響輔に指摘されて、俺の方が何だか恥ずかしくなった。


まぁな、と即答できるほどフェミニストじゃないし、かと言って否定もできない。


でも俺と同じだけきっと響輔も朔羅のことが大切で守りたいと思っているに違いない。


目の前で、瞳を伏せ物憂げな表情でノートに向かう男。


どんなことも無気力で無関心なこいつが、今必死になって謎解きをしようとしている。




朔羅のために―――




俺は設問④『クラブZのカジノ⇔コカイン』の文字を目に入れて


「ホントはさー……俺、朔羅をクラブZのカジノに連れて行きたくないんだ」


ぽつりと漏らすと響輔が俺の言葉に目を上げた。


「同感ですね。どんな状況にせよ危険が伴うのは分かりきってる」


「だけどあいつが必要なんだ。
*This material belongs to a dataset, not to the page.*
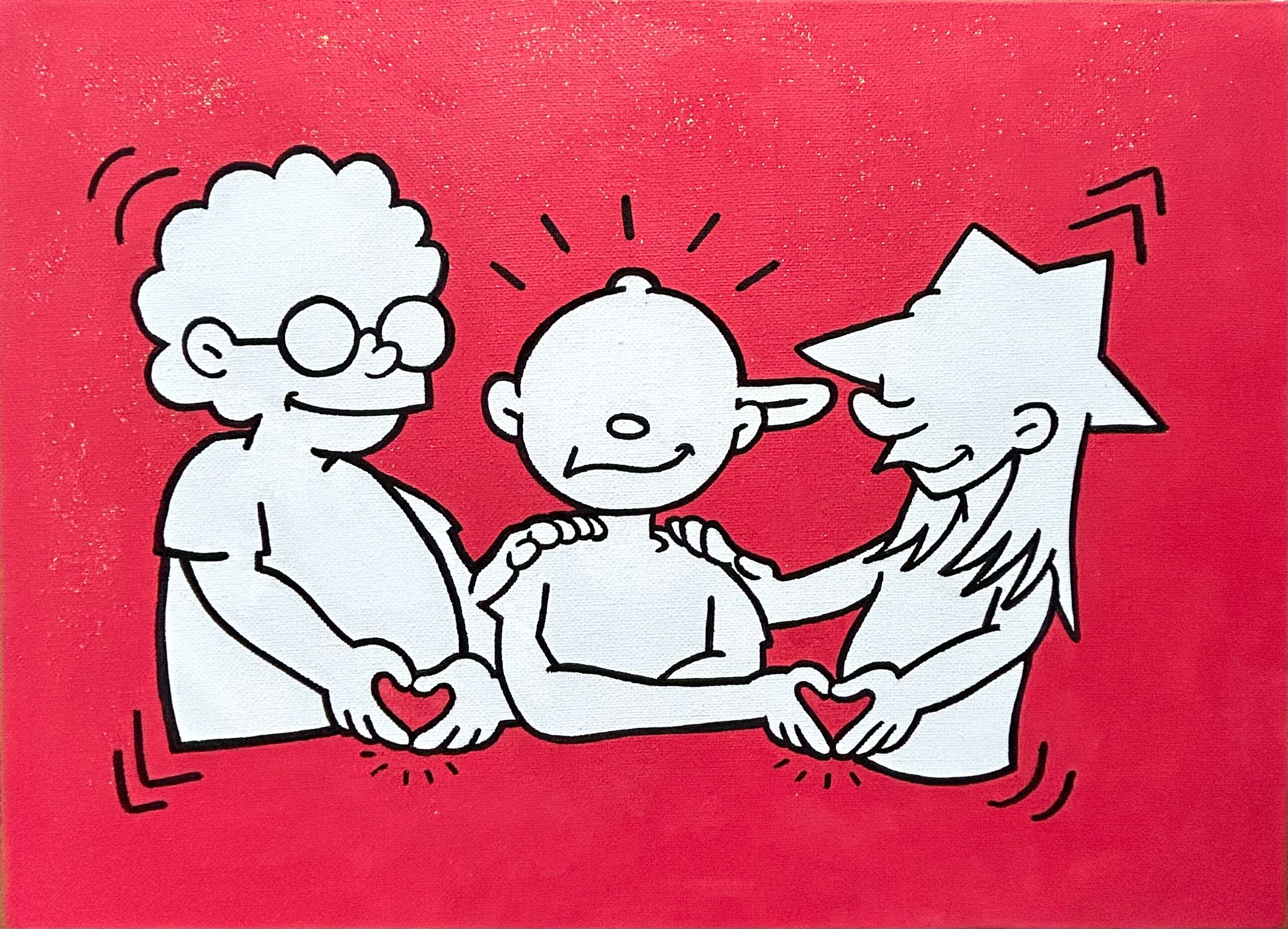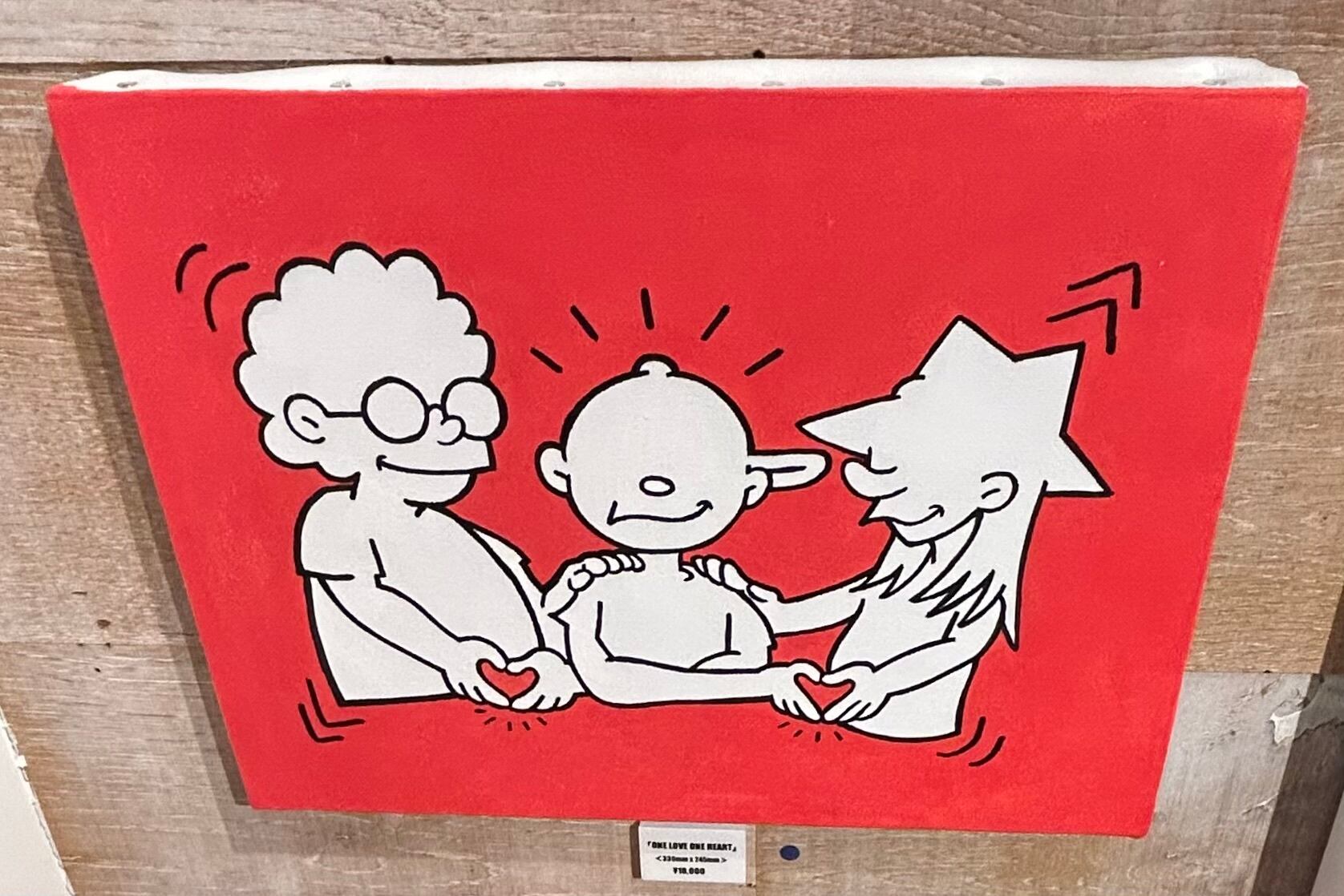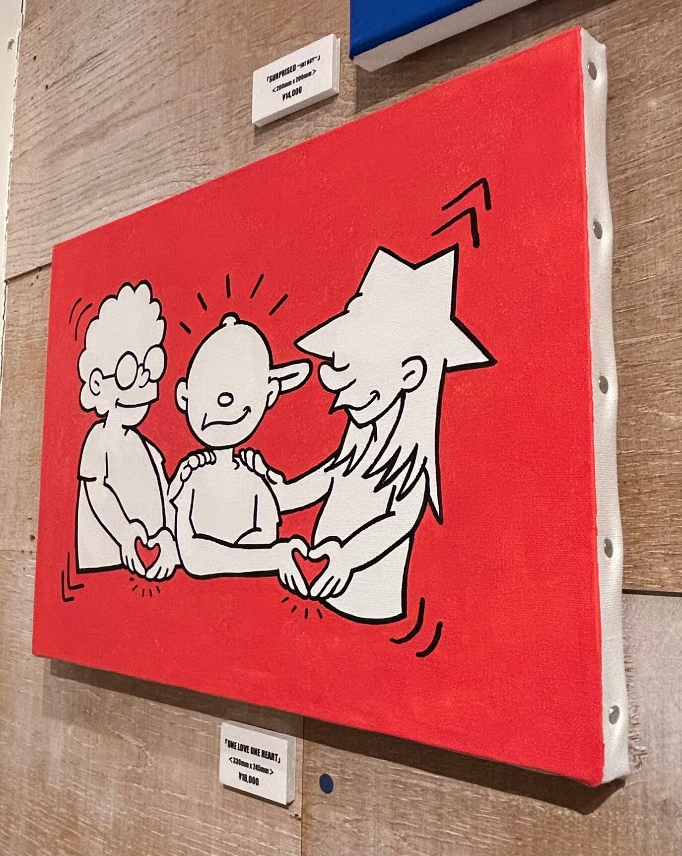 自身の過去作「ONE LOVE ONE HEART」をサンプリングしたKeith Haringのオマージュ作品で本作品展で初めて試みたラメ絵の具を使用しています。

あいつの“目”が。


あいつが居なきゃクラブZの裏ポーカーまでたどりつけない」


「現にお嬢の“目”で助けられたことがありましたしね」


響輔もふっと小さく吐息をつき再び目を伏せる。


響輔が言っているのは以前御園医院で狙撃に遭った事を言っているのだ、と分かったが俺はそれに対して何も言わなかった。




「カジノでは何が何でも朔羅に傷一つ負わせねぇ。



ヤバイ状況になったら撤退だ。朔羅の安全が何より優先」




俺が真剣に響輔を見据えると響輔も無言で大きく頷いた。


「何が何でも守りますよ。彼女を」


俺たちは視線を合わせ、再び頷き合うとそれぞれ拳をかざし、空中で合わせた。





こうなったらとことんまでやってやるぜ。






だが、このときの俺たちはまだ知らなかった。


スネークとカジノ、アヤメさんと、謎の男タチバナの―――闇よりも深い因縁関係を。


その一見して何も共通点がなさそうなキーワードが、複雑に絡まりやがて明確な図が浮かび上がるとき





俺たちはすでに手遅れだったと気付く。





知らなかったんだ。



本当の意味で朔羅を失うと言うことに―――





気付いていなかった。






もしこの時点で未来が少しでも読める力が備わっていたのなら


俺たちは何が何でもオピウムの香りを纏うアヤメさんと、謎に包まれたタチバナの正体を先に暴くべきだった。






―――桜だ




顔の見えない男、タチバナは闇の中で桜の花びらを握っている。